In recent years the Lithium-Ion (Li-Ion) battery has gained in popularity because the market for battery powered portable products is increasing significantly. The superior characteristics of Li-Ion cells are high gravimetric and volumetric energy density, low self-discharge rate and no memory effect. The consumer electronics world relies upon Li-Ion as the main portable power source. Cell phones and laptop computers are the dominant user of Li-Ion cells year over year. As Li-Ion cells evolve and different chemical compositions grow in popularity, other equipment can take advantage of Li-Ion properties. Power tools, electronic vehicles, medical and industrial tools now can also use Li-Ion batteries as their power source.
Consumer applications can require a single Li-Ion cell (cell phone), or three in series and two in parallel (notebook). Adopting this new equipment requires higher power, higher capacity and more rugged battery packs. Cells are added in series to raise voltage and added in parallel to add capacity. The resulting battery pack grows from six cells for notebooks to several hundred cells for automotive. These requirements create new design hurdles for battery designers by magnifying the less than ideal qualities of Li-Ion cells.

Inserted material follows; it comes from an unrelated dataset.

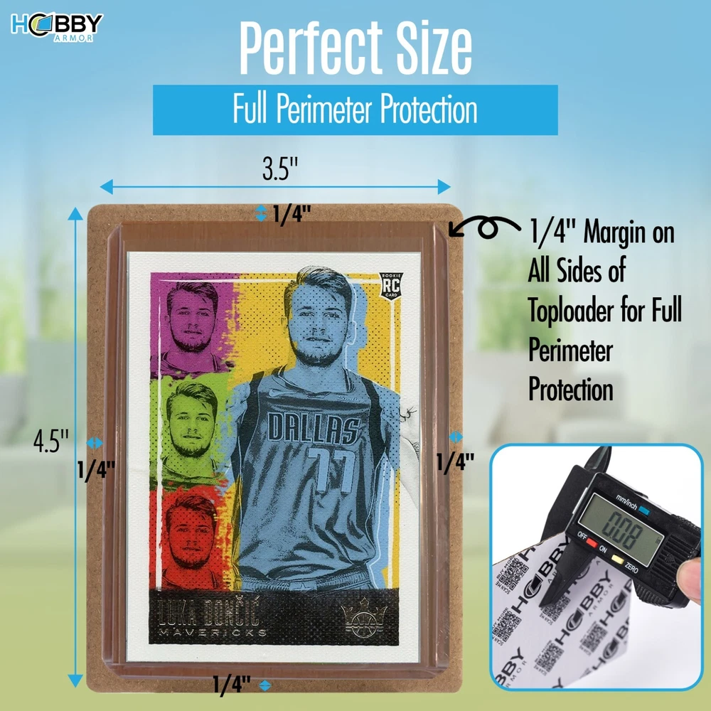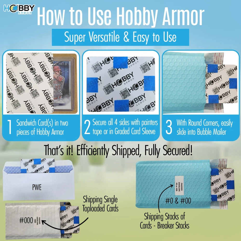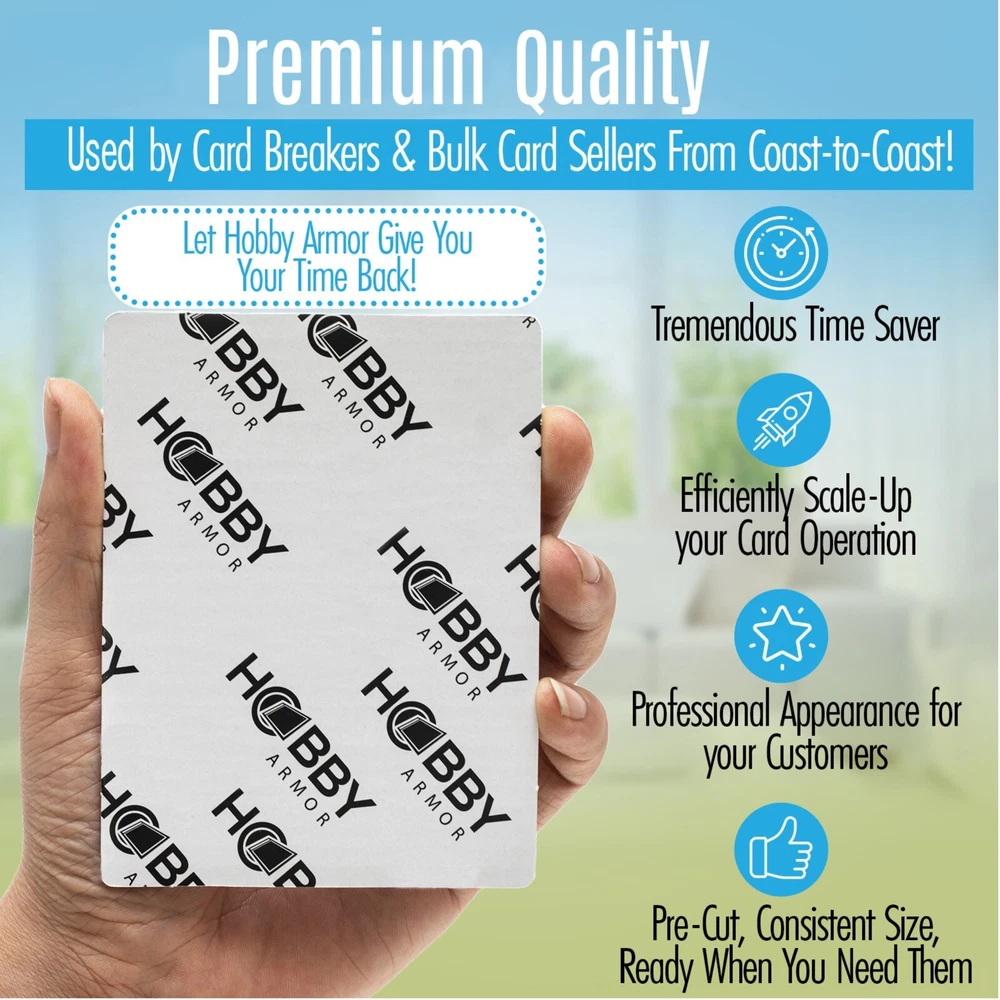 Hobby Armor Card Shipping Protectors 3.5 x 4.5 - Trading Card Shipping Supplies - Trading Card Supplies - Sports Card Shipping Supplies - Cardboard Sleeves for Cards - Trading Card Mailer - Box of 600 & Toploader Storage Box Much lighter than plastic! Hobby Armor trading card envelopes are made from strong thin corrugated cardboard, with an extra glossy layer for strength and a professional look. Much more than just cardboard! Premium card packaging for card collectors. Round Corners! Protectors with sharp corners tend to rip into card bubble mailers and are difficult to load, wasting supplies and time. Our cardboard shields for trading cards have Rounded Corners and are super easy to load into bubble envelopes. Designed to be used with toploaders, penny sleeve cards and raw cards. Our card shipping envelopes for trading cards are perfect to use with a standard envelope pwe or thick padded envelopes. You sell the cards and let us do the busy work for you! Cardboard insert dimensions are 3.5"x4.5" with rounded corners. Designed to offer a 1/4" margin on all sides of the top loader, for maximum protection from a ding in transit. Defend coats! Baseball card supplies, built for collectors by collectors! Premium Bulk pack of 600 of Trading Card Shipping Protectors - Cardboard sleeves for cards. Our card shield for shipping is perfect for card breakers, bulk card shippers, consignment sellers and card collectors of all levels. We support the hobby ALL HOBBY ARMOR PRODUCTS ARE DESIGNED BY CARD COLLECTORS, FOR CARD COLLECTORS. WE CARE ABOUT THE HOBBY AND IT SHOWS IN EVERY PRODUCT WE PRODUCE! HAPPY COLLECTING!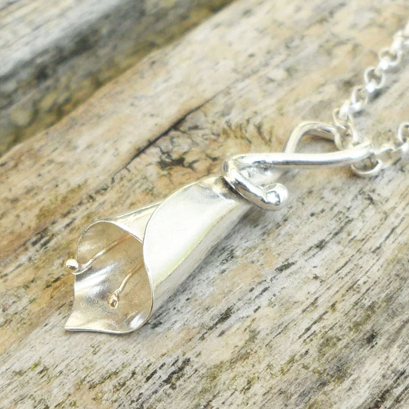 This exquisite lily necklace is handmade in my Leeds studio using time-honoured traditional silversmithing methods, so every piece is individual and unique.

These large batteries require advanced management to ensure a quality design. We must consider proper temperature, voltage and current measurements. Thermal management, pack reliability, cycle life and cell balancing require more attention as the Li-Ion packs become larger. In fact, cell-to-cell differences in temperature, capacity and series impedance are a major concern as more cells are required in a pack. We will spend the majority of this article addressing the effects of these differences and how to manage these in a battery design.
The Issue: Cell Conditions Mismatch
The purpose of a battery is to store and deliver energy to its host. We want to be able to put in and take out as much energy from the pack as possible. A major item preventing a multicell battery pack from doing this is cell imbalance. Let us take a look at how this affects delivering energy to the host.
In Li-Ion battery packs there are predefined voltage minimums and maximums that each cell in series will be allowed to reach. This is a safety feature managed by an IC inside the battery pack. Take a look at Figure 1A. This battery pack will be able to discharge and charge as long as each cell stays in-between the over-voltage and under-voltage cutoffs. Should one cell reach either threshold, the entire pack would be shut down (under voltage), which would leave stranded charge in the pack that should be available for the host (Figure 1B). Or, this would not allow the charger to place as much energy into the battery pack as it should (Figure 1C) (over voltage).